Sejumlah anggota Komisi IX DPR memprotes Peraturan Menteri Kesehatan (Permenkes) Nomor 07 Tahun 2013 tentang Pedoman Pengangkatan dan Penempatan Dokter dan Bidan sebagai Pegawai Tidak Tetap.
Verna Gladies Merry Inkiriwang dari F-PD mempersoalkan nasib bidan PTT yang sudah tujuh bulan belum terima gaji. "Kalau saya ke daerah, yang pertama saya tanya di mana bidan. Mereka selalu standby. Tapi nasib mereka menyedihkan, terutama di daerah terpencil," katanya saat raker dengan Menteri Kesehatan Nafsiah Mboi, Rabu (15/5).
Sunaryo Adhiwardoyo dari F-PG meminta agar konsep permenkes tersebut direvisi. "Agar ada kepastian hukum bagi bidan PTT," katanya.
Sementara Abidin Fikri dari F-PDIP meminta agar soal bidan PTT jangan dilemparkan ke pemerintah daerah.

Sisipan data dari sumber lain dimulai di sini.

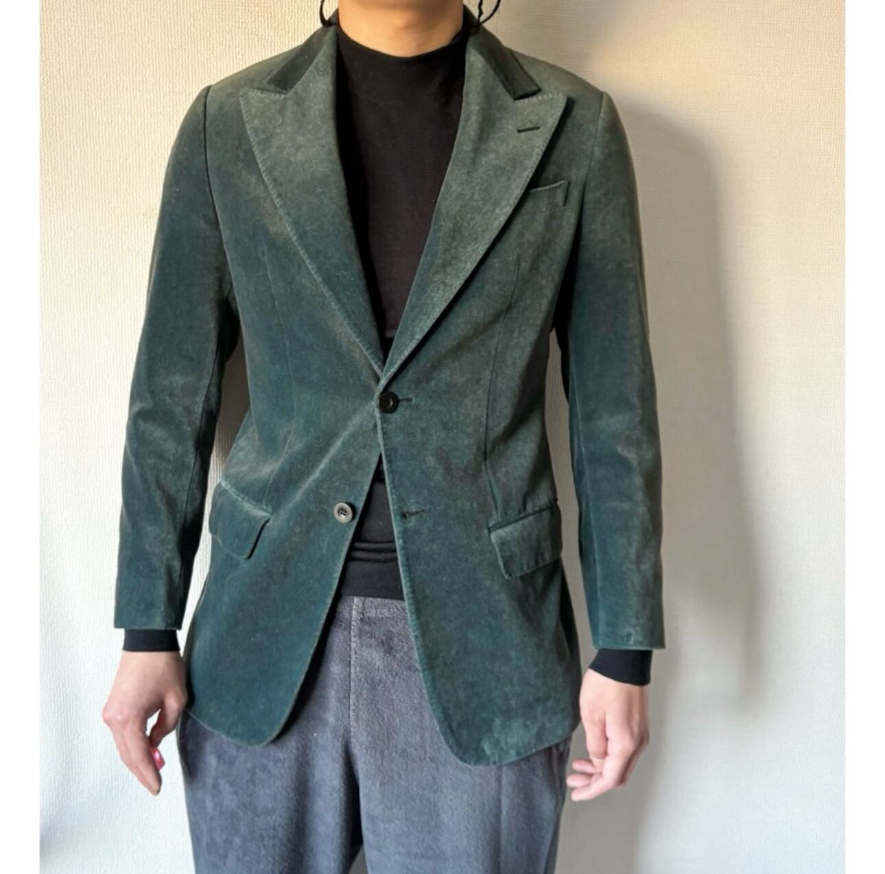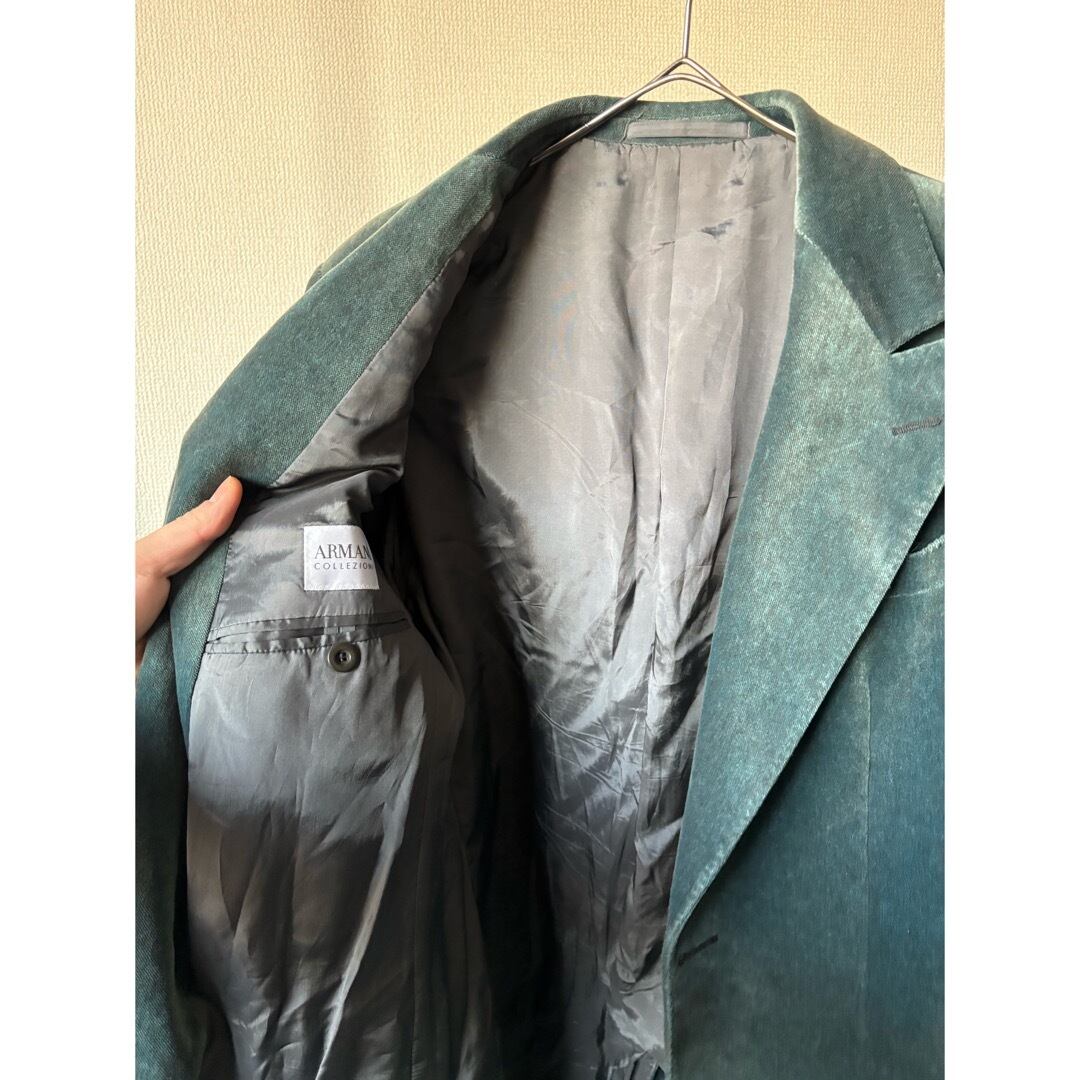 00s made in turkey armani collezioni moss green & brown velor tailored jacket "玉虫色"

Sebab hal itu malah menambah ketidakpastian. "Harus koordinasi dengan Kementerian PAN dan Reformaasi Birokrasi," katanya.
Kalau tidak, kata Abidin, nasib para bidan PTT akan terkatung-katung dan pengabdian selama ini menjadi sia-sia. Padahal, para bidan itu adalah ujung tombak kesehatan di desa.
Sementara, Surya Chandra Suropaty dari F-PDIP mempertanyakan, bila sudah habis masa PTT, apakah akan tetap diangkat? "Kalau sudah mengabdi selama sembilan tahun terus mau dikemanakan?"
Arif Minardi dari F-PKS mendesak agar Menteri Kesehatan mengangkat bidan PTT. Sebab bila dikembalikan ke daerah, tidak semua daerah bagus. "Angkat saja (bidan PTT) semua, ibu bisa jadi Wakil Presiden," kata Arif.